Task statement: Starting at the line that contains "Cu 6 Krejcar 1800 E, minc.Karlovský Bělehrad" and stopping at the line that contains "Updating your presentation", restate each line of the records below exactly. Omit the pictures.

Data for this exercise:

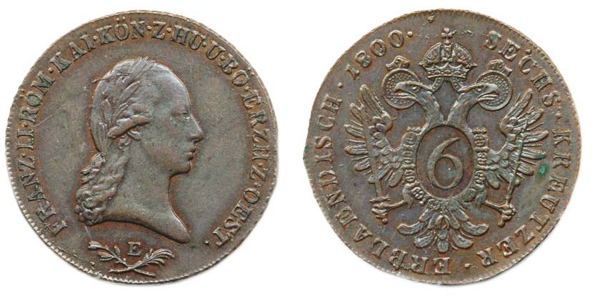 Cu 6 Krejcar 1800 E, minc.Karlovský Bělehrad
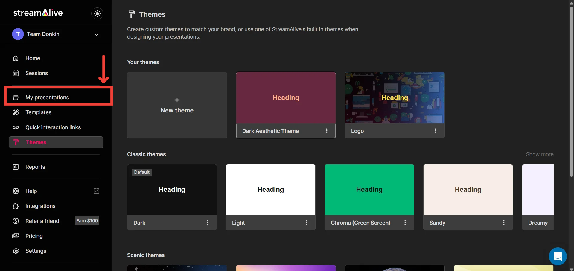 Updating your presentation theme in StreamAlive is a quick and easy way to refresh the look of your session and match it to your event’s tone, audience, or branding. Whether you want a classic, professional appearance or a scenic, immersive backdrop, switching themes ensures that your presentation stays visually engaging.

--

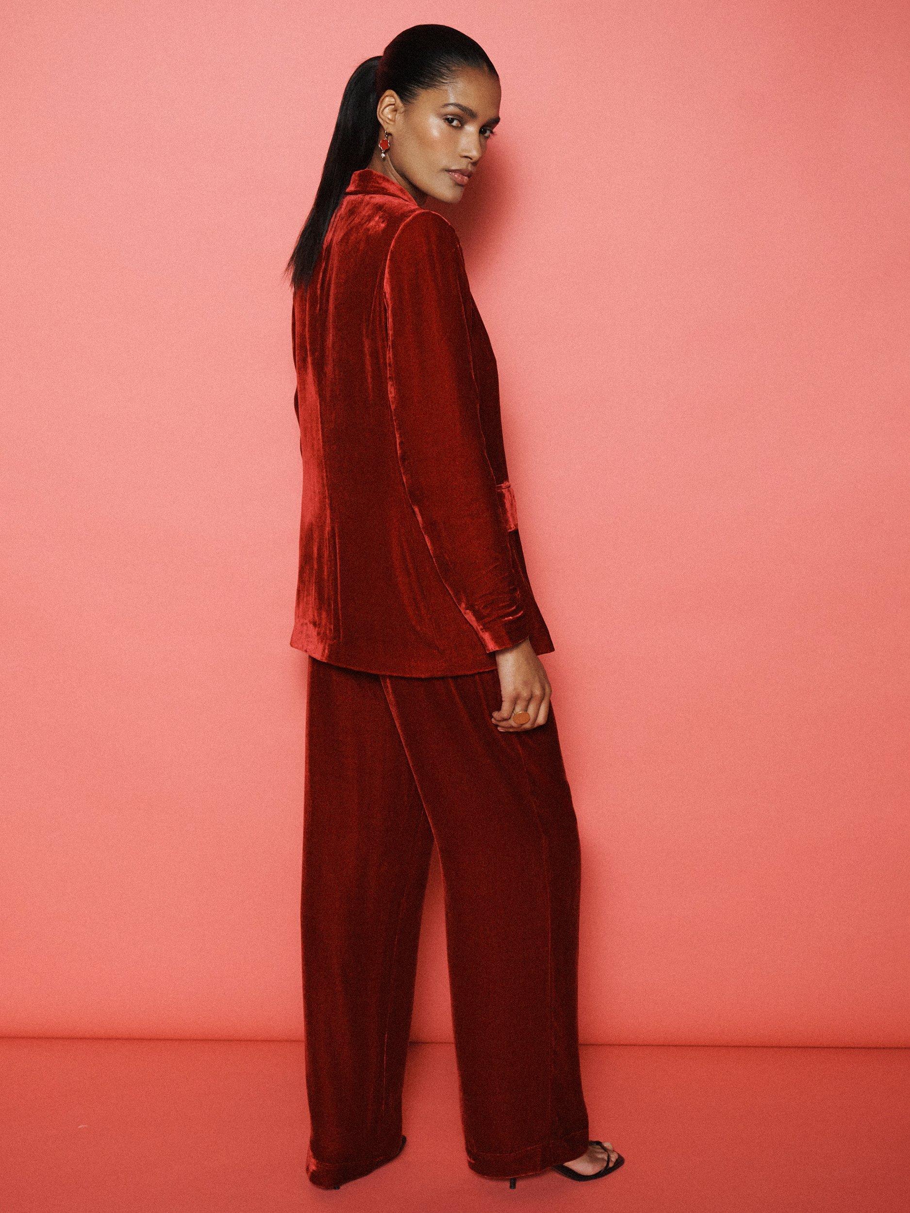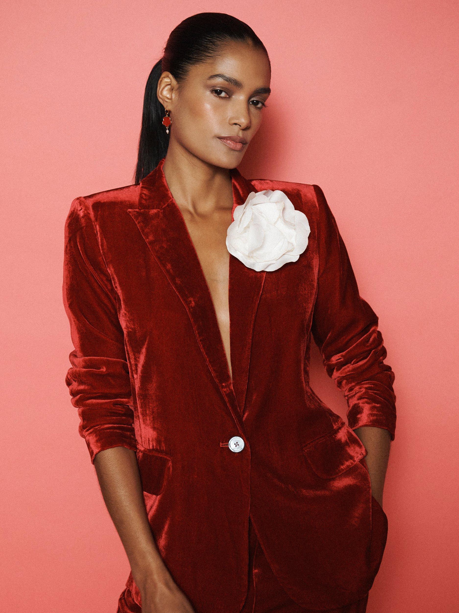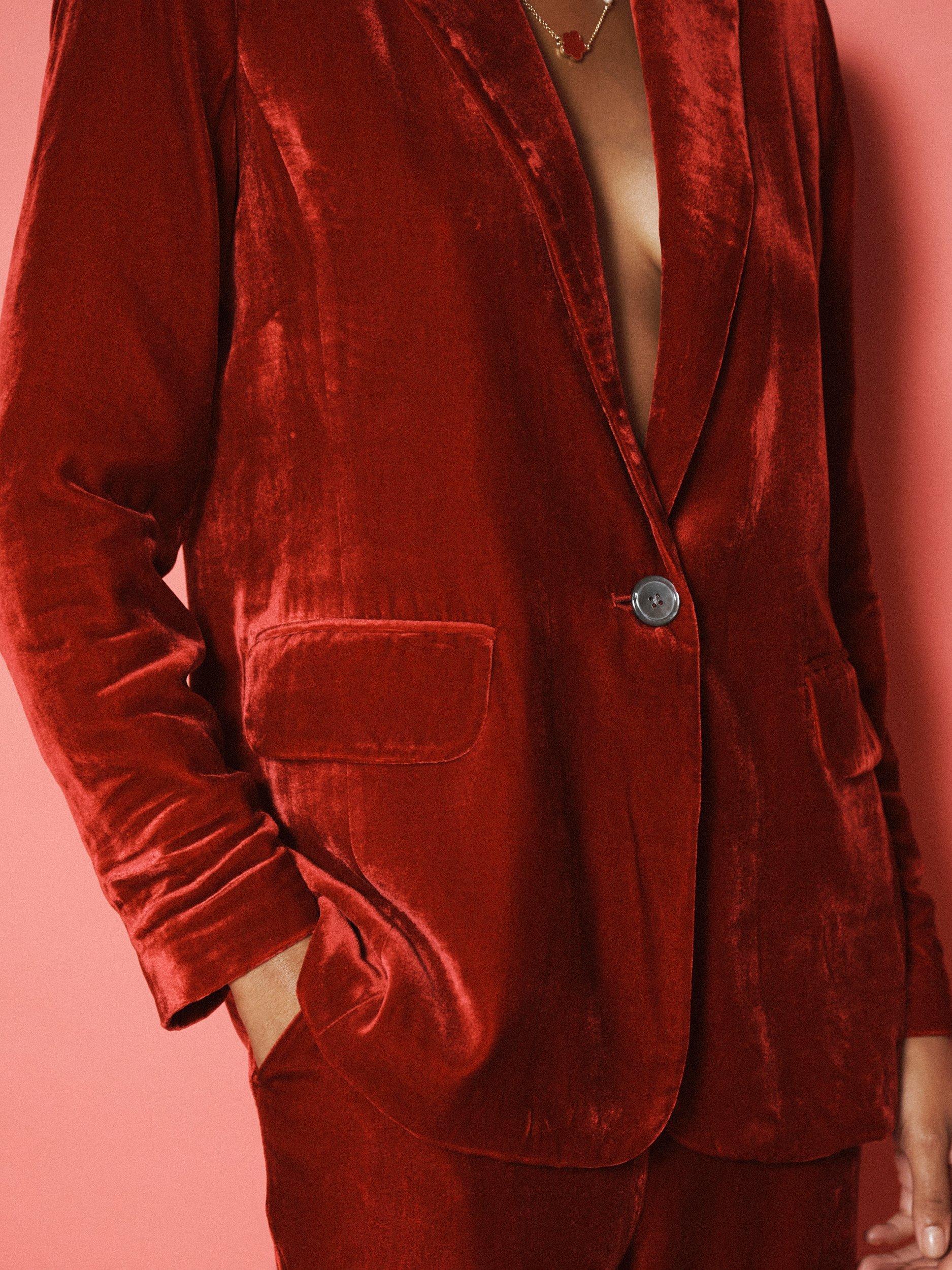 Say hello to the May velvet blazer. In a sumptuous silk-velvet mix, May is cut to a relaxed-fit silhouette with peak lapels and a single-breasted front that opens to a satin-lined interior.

--

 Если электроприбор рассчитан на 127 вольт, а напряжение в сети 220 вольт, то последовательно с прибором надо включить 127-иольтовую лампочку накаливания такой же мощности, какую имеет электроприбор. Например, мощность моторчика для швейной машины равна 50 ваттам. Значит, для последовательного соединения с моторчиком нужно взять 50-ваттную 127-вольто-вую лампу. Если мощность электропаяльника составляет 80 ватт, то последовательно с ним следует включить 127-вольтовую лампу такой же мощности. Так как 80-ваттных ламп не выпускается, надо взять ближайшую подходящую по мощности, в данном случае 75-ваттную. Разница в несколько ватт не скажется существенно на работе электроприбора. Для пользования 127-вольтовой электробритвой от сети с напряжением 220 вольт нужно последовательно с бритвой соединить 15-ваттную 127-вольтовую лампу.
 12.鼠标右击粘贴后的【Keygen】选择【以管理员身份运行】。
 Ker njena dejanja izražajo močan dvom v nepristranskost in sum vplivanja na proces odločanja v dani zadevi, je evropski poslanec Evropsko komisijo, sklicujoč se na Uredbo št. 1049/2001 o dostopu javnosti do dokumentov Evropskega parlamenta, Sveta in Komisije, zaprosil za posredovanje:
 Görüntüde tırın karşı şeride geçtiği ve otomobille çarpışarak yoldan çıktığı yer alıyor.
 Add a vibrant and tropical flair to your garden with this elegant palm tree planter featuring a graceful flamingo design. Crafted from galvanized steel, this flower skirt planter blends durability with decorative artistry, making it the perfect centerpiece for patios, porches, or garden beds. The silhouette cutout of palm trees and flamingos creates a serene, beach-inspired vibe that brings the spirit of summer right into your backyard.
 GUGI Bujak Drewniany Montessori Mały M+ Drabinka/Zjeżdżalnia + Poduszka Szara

Completed task:
 Cu 6 Krejcar 1800 E, minc.Karlovský Bělehrad
 Updating your presentation theme in StreamAlive is a quick and easy way to refresh the look of your session and match it to your event’s tone, audience, or branding. Whether you want a classic, professional appearance or a scenic, immersive backdrop, switching themes ensures that your presentation stays visually engaging.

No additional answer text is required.